How to serve the wine
Hopefully everyone will be chatting and catching up at your celebration, so don’t interrupt the vibe to announce what you’re doing with the wine. There is, however, a graceful way to deliberately feature wine in your meal. A few tips:
- Start with the Champagne, if you are serving bubbly. It can be enjoyed as your guests begin to fall into the party mode. Have it chilled prior to pouring – include a cool-down on your meal prep to-do list.
- If serving a red wine, especially a full bodied one, consider decanting it for a bit before it hits the glasses.
- If wine is thoughtfully paired with meal courses (see the next section), do a think-through of the service before the party. If serving a particular wine with a particular food, make transitions as fluid as possible. The table should be set with the appropriate stemware.
- Though you’ve probably had your eye on the wine all week, remember to politely pour the wine in your guests’ glasses before taking some for yourself. And, of course, les dames d’abord (ladies first).
- Aim for 3 ounce servings. There are several reasons for this: Guests won’t get over-served, allowing them to enjoy the unfolding of the party at an even pace. Diners won’t have very-full glasses to glug down as the meal shifts to the next course. The wine will be served, and consumed, at the proper temperature, not at room temperature by the time your guests can put it down.
Opening Champagne, à la Française
It’s a common cultural expectation to pop that bubbly with a bang, but there is a graceful way to open the bottle that won’t cause eye injury, slippery messes or embarrassment. The popping sound might be fun, but a loss of bubbles and flavor is not desirable. Easy steps:
- Have the bubbly ice-cold, the bottle towel-dried and the foil properly removed.
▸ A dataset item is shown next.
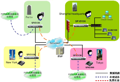 隨著公司在全世界開設(shè)眾多的部門,IP電話技術(shù)將會是不同分公司之間實現(xiàn)低費用高品質(zhì)語音通訊的方式。SINOCO公司的IP-PBX 系統(tǒng)解決方案,利用 SPX-5130設(shè)備通過互連網(wǎng)連接到公司的各個分支機構(gòu),提供分級體系結(jié)構(gòu),更進一步提供了可靠的,靈活的語音通訊解決方案,從而滿足公司快速回應(yīng)客戶的需求。同時,它也降低了總部和分部之間的電話費用。總部和分部間昂貴的國際電話費用將不再存在, 而且享受高品質(zhì)的語音通訊質(zhì)量。

- Tilt the bottle away from you, at about 45 degrees. Don’t aim it at anyone or anything, just get the angle right.
- Hold the cork down with one hand and remove the wire cage with your other hand.
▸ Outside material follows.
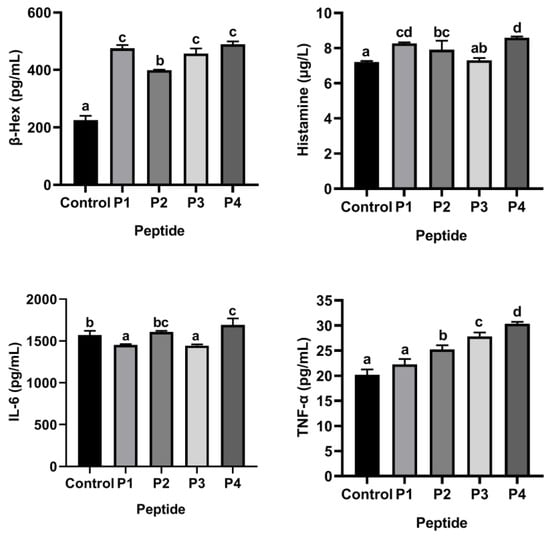β-Hex, histamine, IL-6 and TNF-α release of KU812 cells in the presence of ω-5 gliadin-derived peptides (150 μg/mL). Note: Different letters indicate significant differences between groups (p < 0.05).

- After the cage is off, continue to hold the cork and use your free hand to gently twist the bottle. You’ll do this until you hear the delicate sound of air escaping as the cork frees from the bottle. There might be a little wisp of vapor.
As a reminder, a bottle should only be referred to as Champagne if it is the real deal. Other bubbly wines are called sparkling wines.
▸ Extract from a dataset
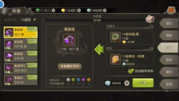 短期看来,确实没有打造装备的必要,不过当游戏达到后期之后,系统几乎不会再赠送给玩家任何高等级的优秀装备,所以之后的好装备都是需要玩家自己打造或者去购买的,因此本篇装备打造攻略会让大家对于装备打造系统有一定的了解。首先,点开装备界面,选择装备打造一栏。

Pair Wine with the festive Meal
In France, the most celebratory of winter holiday meals is the Christmas Eve réveillon. Traditionally enjoyed after midnight mass, the meal symbolizes an awakening. Though customized regionally, the menu is hardy, indulgent and fragrant. Roasted or raw oysters, lamb, foie gras, turkey stuffed with chestnuts or a big Christmas goose are often found as the dazzling center of the feast. There’s also a customary dessert, often la bûche de Noël (Yule log).
To celebrate the holidays with feast-like extravagance for your French style party, choose wines that can stand up to the big flavors of the menu. If the meal is served in courses, chose a set of wines that mirror what’s on the table. Pairing wine with food is an absolute pleasure and should reflect your tastes and budget. However, if you feel a little flummoxed in this area, consult your local wine seller for advice. You’ll want to serve the best quality you can afford and consider a bottle of Champagne as festive and welcome company. A partnership between wine and food can be truly glorious, a compliment to all that work in the kitchen.
Make a Toast
At your French style party it’s a special day and there’s reason to celebrate with your first glass of wine. This is the perfect time to breathe in the good fortune of having loved ones gathered and drink to their health and happiness. The French say a votre santé (to your health) or the shorter Santé! or Tchin (cheers) as standard toasts. It’s also customary to raise glasses and gently clink them together before the first drink is taken.
Jill Barth is a wine writer in Chicago.